Obama, as he has since the video of Romney’s “victims” comment surfaced, sought to use the Republican’s words against him.
“As I look out on this crowd I don’t see a lot of victims, I see hard-working Ohioans,” Obama said. “We don’t believe in the government helping those who won’t help themselves. But we do believe in opportunity.”
Obama also spoke at Ohio’s Kent State University.
Romney kept up his attacks on Obama’s economic record.
“We can’t afford four more years like the last four years,” Romney said at a spring-wire manufacturing plant in the Cleveland suburb of Bedford Heights, the second of his three Ohio appearances. “We’ve got to get this economy going again,” he said, arguing that he knows how to do that and Obama doesn’t.
One of Romney’s challenges in making his case in Ohio is that the state’s unemployment rate in August was 7.2 percent, lower than the national figure of 8.1 percent. Still, the state has lost 9.3 percent of its manufacturing jobs over the last four years.

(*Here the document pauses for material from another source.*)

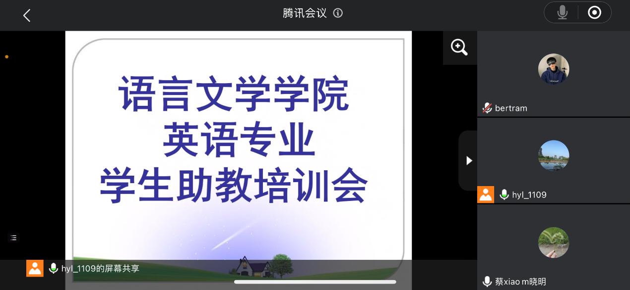 为加强学院教风和学风建设,加强课堂学习的过程管理,促进教学质量与人才培养的提升,提高我院英语专业学生的专业知识水平和实践能力,6月29日,语言文学学院黄彦立副教授给全体21级学生助教及相关任课老师做了主题为“如何做好英语学科助教”的在线培训讲座。

A Washington Post poll released Sept. 25 showed Obama leading in Ohio among likely voters, 52 percent to 44 percent. The survey showed that 36 percent of all Ohio voters said they have been contacted by the Obama campaign, while 29 percent said that of Romney.
A Quinnipiac University/New York Times/CBS News poll released yesterday gave Obama a 53 percent to 43 percent advantage there, including a 25-percentage-point lead among women.
“The field is looking like it’s narrowing for them,” Jen Psaki, an Obama re-election spokeswoman told reporters on Air Force One traveling to Ohio. “We’d rather be us than them.”
Romney and his aides said that even with Obama’s lead in polls, it’s too early to dismiss the Republican’s chances in Ohio.
Romney said his three debates with Obama will change the race’s dynamic.
“I’m absolutely convinced that when people see the two of us talk about our direction for America they’re going to support me because I know what it takes to make the economy going again, and the president has proven he does not,” Romney told ABC News in an interview from Ohio.